Construction and Rigorous Analysis of Quantum-Like States

TL;DR

This paper rigorously analyzes how certain classical complex networks can be constructed to produce quantum-like states, providing methods to generate arbitrary single-qubit states from network eigenvectors.

Contribution

It introduces mathematically rigorous methods for constructing quantum-like single-qubit states from classical network structures, expanding understanding of quantum-classical analogs.

Findings

Symmetric network construction yields superpositions of Hadamard states.

Two methods for constructing arbitrary single-qubit states are proven.

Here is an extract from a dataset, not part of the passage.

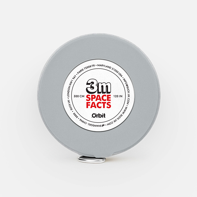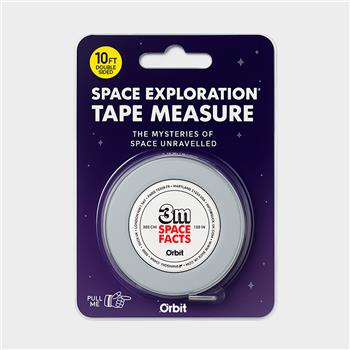 Cinta métrica de doble cara con bloqueo automático, llena de fascinantes datos del espacio exterior. Distancias comparativas de objetos celestes, desde basura espacial hecha por el hombre hasta agujeros negros lejanos. Incluye también una historia de la exploración espacial humana. Un gran regalo para niños curiosos y adultos frikis (o cualquiera que necesite una cinta métrica). 60 datos, desde científicos hasta absurdos, en cm y pulgadas.

Synchronization is not essential; regular edge weights suffice.

Abstract

Extending upon the observations of the emergence of quantum-like states from classical complex synchronized networks, this work adds mathematical rigor to the analysis of single Quantum-Like (QL) bits constructed by eigenvectors of the adjacency matrices of such networks. First, we rigorously show that symmetric construction of such networks (regular undirected/symmetric bipartite graph $G_C$ connecting two regular undirected subgraphs $G_A,\,G_B$) leads to an equal superposition of the $|+\rangle, |-\rangle$ Hadamard states (with basis $|0\rangle,\,|1\rangle$ set from eigenvectors of the subgraphs), and provide an analysis of sufficient conditions on the network for construction of such states. Second, we prove two methods to construct any arbitrary single qubit state $|\psi\rangle = a|0\rangle + b|1\rangle,\, |a|^2+|b|^2=1$ and provide a switching lemma for the boundaries of both methods. The first method of construction is by detuning the regularities of the two subgraphs and the second is by asymmetrically constructing the bipartite connection matrix $C$ by allowing it to be directed, and then detuning those regularities. While the intuition is derived from the motivation of using complex synchronized networks for quantum information storage and computations, the proofs for constructing eigenvectors that interact in a quantum-like fashion only require the structure of the graph embedded in the adjacency matrix. Practically, this means that synchronization is not important to creating quantum-like bits, only that the edge weights are generally unit or close to unit and that the subgraphs are regular. As such, the results on combinations of random k-regular graphs (precisely Erd\H{o}s-R\'enyi graphs) may be independently interesting.